Brigitte - Putting themselves in their shoes is a bit too much of an expectation, but at least being knowledgeable, being aware of different cultures and being open to actually learning about these cultures and being able to ask and say, you know, how can I help you best? But also there's another reason for that is that recently we have seen more a global movement of psychologists, meaning that more and more psychologists now are asking and wanting and interested to work outside their countries or where they trained, especially when there are areas of disasters or where more mental health services are needed. We see an influx of people who are interested to travel to these countries and offer their services. And it's coming from a very good place, of course, except that they arrive and they are not really equipped to offer these services.
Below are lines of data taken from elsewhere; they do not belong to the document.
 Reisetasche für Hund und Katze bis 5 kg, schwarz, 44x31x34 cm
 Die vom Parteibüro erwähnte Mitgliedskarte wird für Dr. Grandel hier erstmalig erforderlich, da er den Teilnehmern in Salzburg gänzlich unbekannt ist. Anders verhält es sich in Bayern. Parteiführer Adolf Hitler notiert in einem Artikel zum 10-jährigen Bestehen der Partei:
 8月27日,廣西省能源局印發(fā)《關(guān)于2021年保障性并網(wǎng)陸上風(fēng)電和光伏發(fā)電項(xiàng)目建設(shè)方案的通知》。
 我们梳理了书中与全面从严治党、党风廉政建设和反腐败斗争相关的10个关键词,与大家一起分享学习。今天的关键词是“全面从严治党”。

Chris - Do you have any practical tips for how this should be implemented then? Because it, it sounds on the one hand pretty simple: we need to make sure people are more cognisant of more worldly of what's what's happening in different countries and to different people. But the devil's always in the detail with these sorts of initiatives and getting them to happen and getting everyone on board is really, really difficult.

Brigitte - Absolutely sounds very simple, but it's actually quite complicated. For example, one of the things that I always encourage my colleagues who want to travel to different countries, I always tell them, please try to read a bit about the history, the sociopolitical background of the country and the cultures and the religions and everything that makes that country what it is. I'm not saying, you know, they need to sit for a one year long course, but at least to be cognisant and aware of the different issues, problems, ethnicities, cultures that exist in that country. Or, and I always encourage that, I always say try to make connections with colleagues who are from the country you're interested in. There are many in universities that you can access now. Send some emails and say, look, I'm interested. I'd like to visit to how can I help? What can I do? And this is really a great segueway into that culture and that country because then you have a colleague who's on the same level and understands your lingo and, and where you're coming from. But at the same time as a mediator between the migrating or the traveling psychologist and the one who was in their home base.
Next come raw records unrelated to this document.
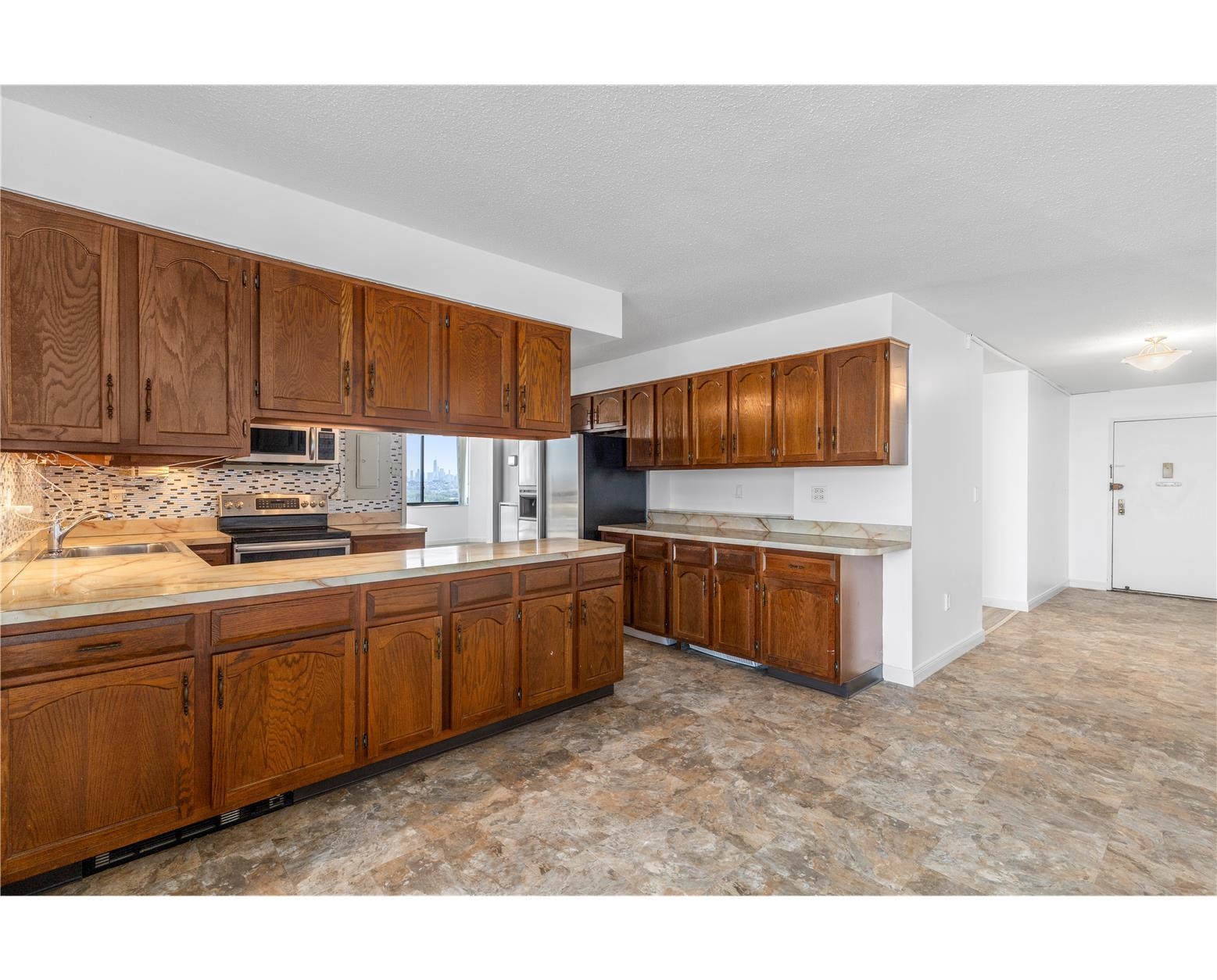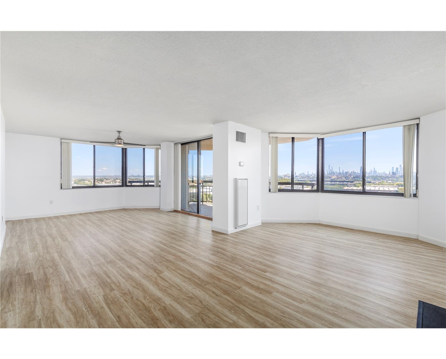 Welcome to this spacious 2 bedroom, 2 full bathroom condo at Harmon Cove Towers with exceptional NYC views! Offering approx. 1706 sq ft of living space, the unit features an eat in kitchen, dining room and large living room with wood burning fireplace. Condo includes in-unit laundry, ample closet space and hardwood flooring throughout. Enjoy two private balconies with extensive NYC skyline views. Elevator building with one assigned covered parking space. Amenities include 24-hour security, outdoor pool, tennis and basketball courts, gym with locker room and sauna, playroom, recreation room, and more!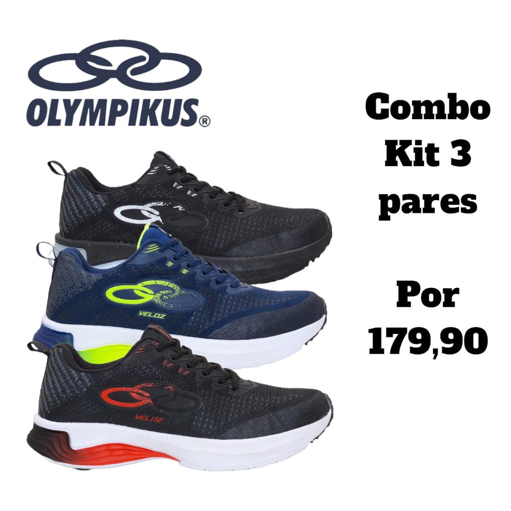 Combo Kit 3 Pares T nis Masculino Olympikus Veloz Esportivo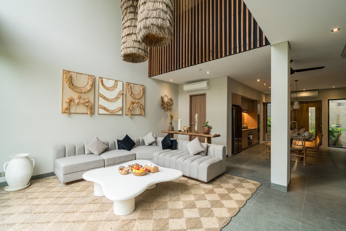 歡迎來到普拉納公館—一座坐落在烏布鬱鬱蔥蔥的寧靜之地的全新現代優雅度假勝地。這棟三層樓住宅專為欣賞精緻生活的人士而設計,將建築藝術的精湛技藝與峇裡島的寧靜氛圍完美融合。從宏偉的 12 公尺下沉式休息室和 4 公尺高的天花板,到義大利大理石廚房和落地式可伸縮玻璃門,每個元素都經過精心打造,旨在創造輕鬆的室內外生活,讓自然與奢華無縫銜接。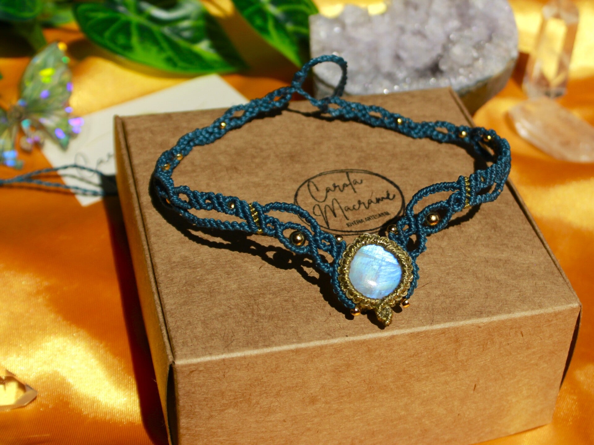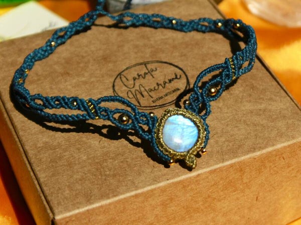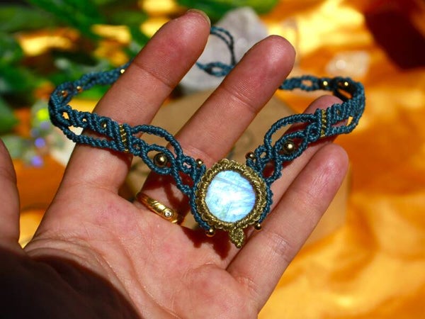 Gargantilla o tiara con Piedra Luna. Turquesa y dorada.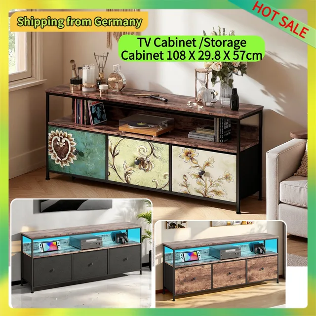 Шкаф для телевизора Comanlai 108 см со светодиодной подсветкой и 3 тканевыми ящиками, шкаф для хранения с металлическим каркасом и деревянной столешницей, тумбочка
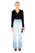 Black V-neck top in heavyweight crepe de chine with gathered neckline detailing, distinctive overlong cuffs, and exposed side seams for modern sophistication.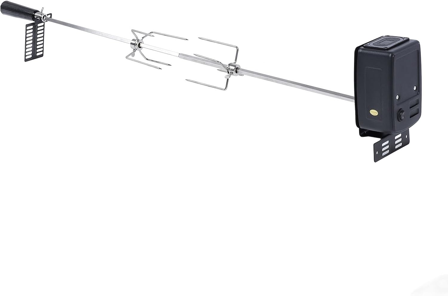1. Stainless Steel Rotisserie Kit: Equipped with water-resist on off witch design, effectively prevent rotisserie grill kit from being damp or soiled when used outdoors, extending service life. 2. Stable Rotating Motor: Features a stable and efficient rotating motor to ensure even grilling and better taste of food. Use it to evenly brown roasts and prepare foods for your friend and family get togethers. 3. Strong Load Capacity: Rotisserie grill kit will be capable of supporting up to 15kg of food, meeting various grilling needs with reliability and durability. 4. 304 Stainless Steel Material: Rotisserie fork is made of 304 stainless steel materials, rustproof, heat resist and for use. It is easy to maintain and clean. 5. Versatile Usage: Suitable for outdoor roasting of suckling pig, chicken, lamb, etc., as well as for family gatherings and outdoor picnics. A nice addition to any patio, backyard, terrace or when your camping. Specification: Item Type: Rotisserie Grill Kit Material: 304 Stainless Steel Weight: Approx. 1880.00g / 66.32oz Battery: 2 x AA (Not Included) Applicable Maximum Grill Width: 77cm / 30.3in Package List: 1 x Motor 2 x Forks 2 x Grilling Rods 1 x Instruction Manual 2 x Stands 1 x Handle 8 x Washers 4 x Nuts 4 x Screws 1 x Wrench 1 x Connector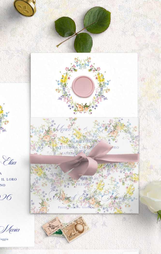 Scegli gli accessori (vellum, nastro, sigillo in ceralacca, fiori secchi, eccetera)

Chris - How has this gone down with your colleagues and coworkers when you stand up and say this kind of thing? Are they receptive? Are they warm to the idea?
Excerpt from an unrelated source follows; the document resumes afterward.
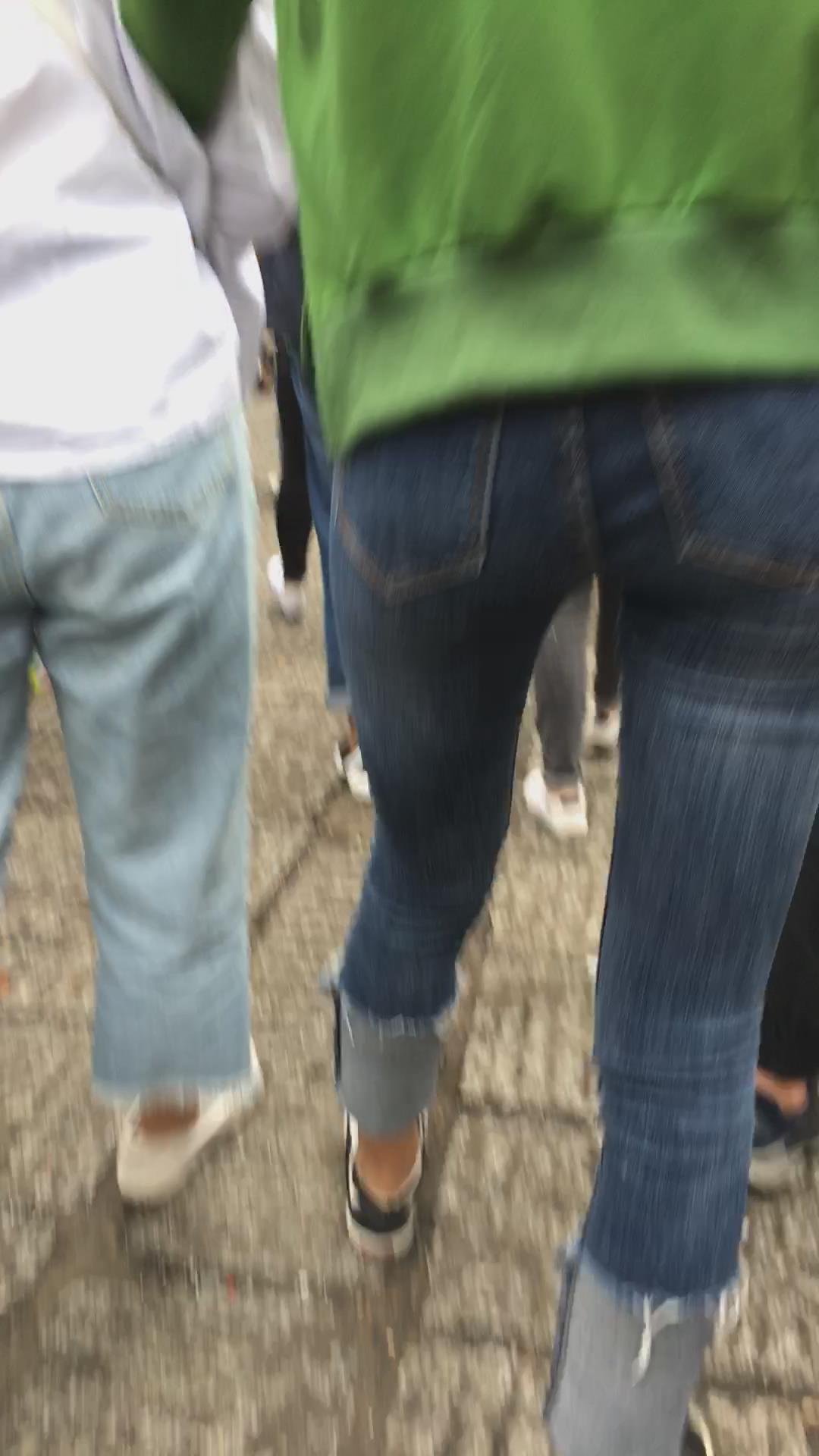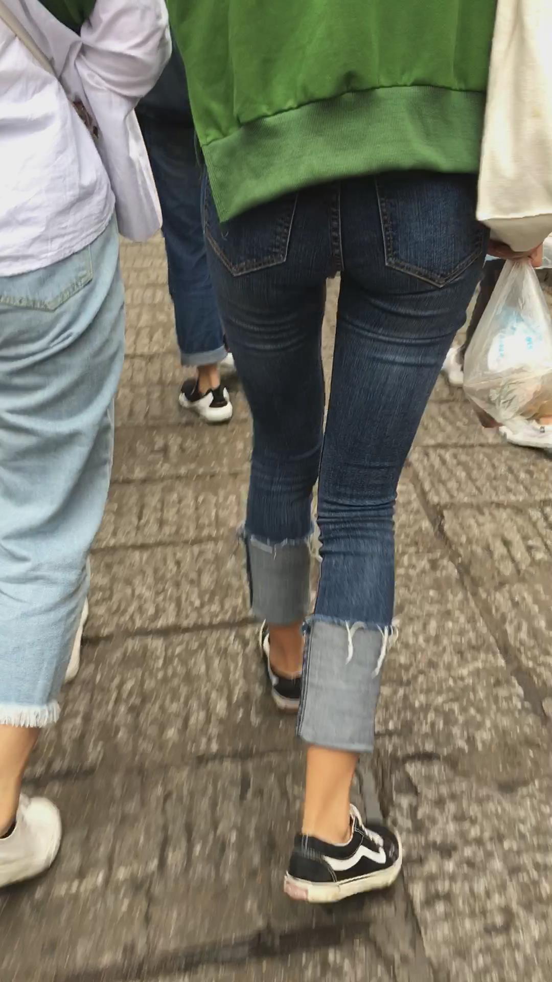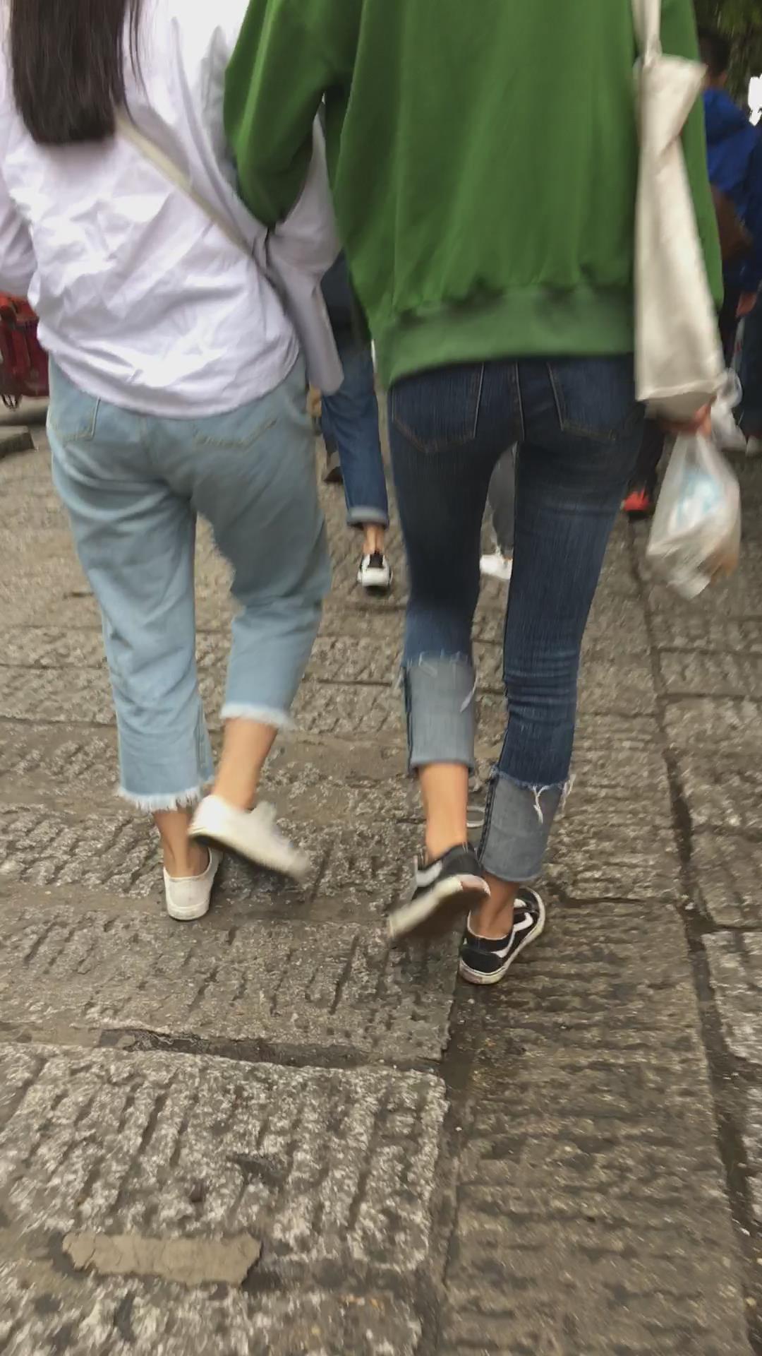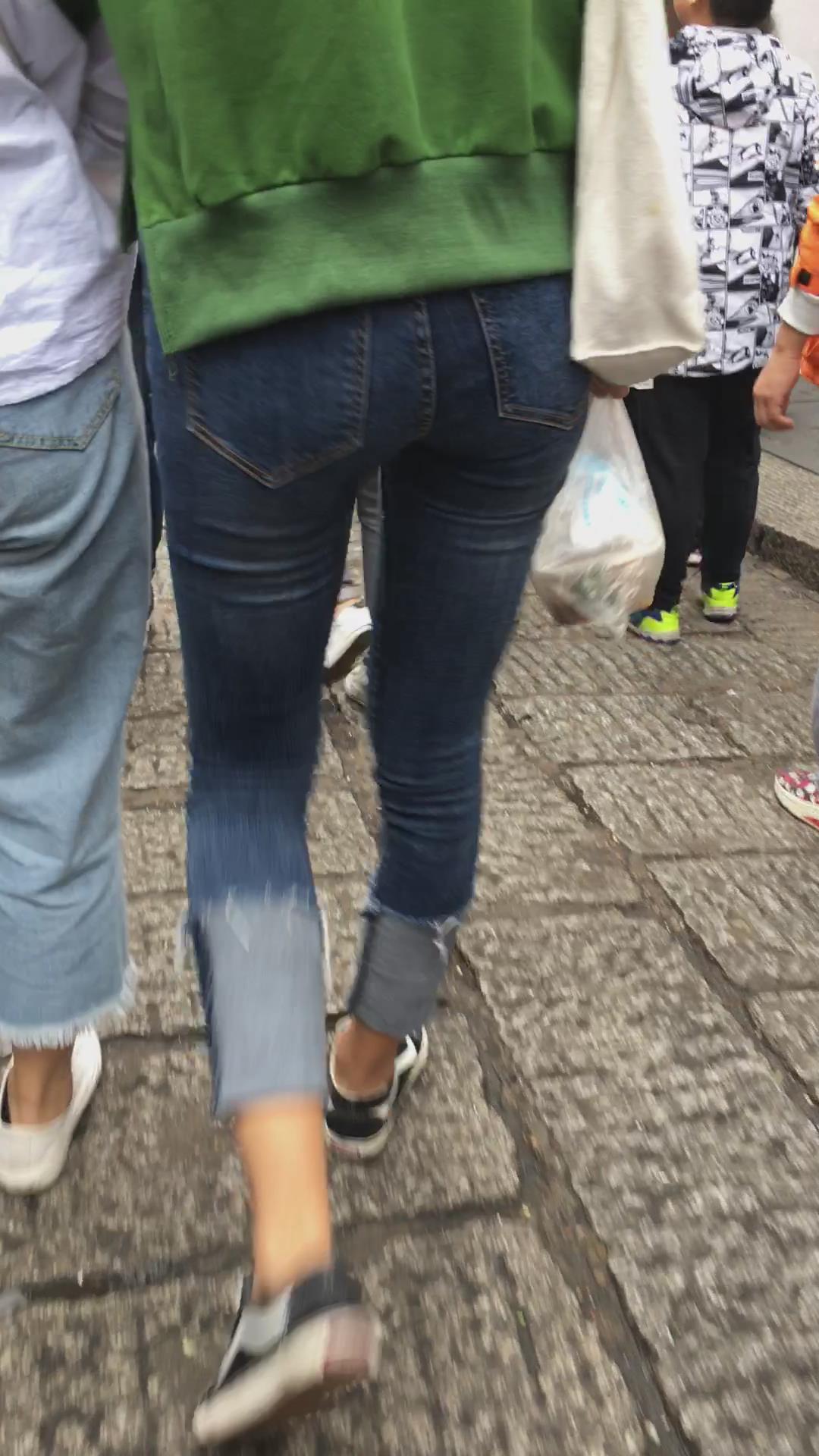 蓝色牛仔裤街拍小妹 编号5336

Brigitte - Absolutely. I mean, many, of course, not everyone, but many are very interested and many people who also work in global mental health and international psychology, they realise the shortcomings of the new generation of psychologists who are very interested, very open, kind of, you know, the world is their cocoon, but they are not equipped to be, be able to function in these capacities or in different places that they'd like to go to. So many are interested, many are willing to experiment in different ways and introducing different courses in their training programmes and possibly having maybe MOUs with training programmes outside their programme and send students three months, six months to experience different cultures and mental health. We've had that happen at our university. We've had MOUs from several universities and we've received their students at our programme. So some are very open, of course some resisted a bit more. And I understand they still believe that there needs to be the traditional training of psychology, which is as important of course, and is the basis of the learning and the teachings of psychology. But we cannot restrict ourselves only to that. And we need to start basically preparing psychologists for the 21st Century.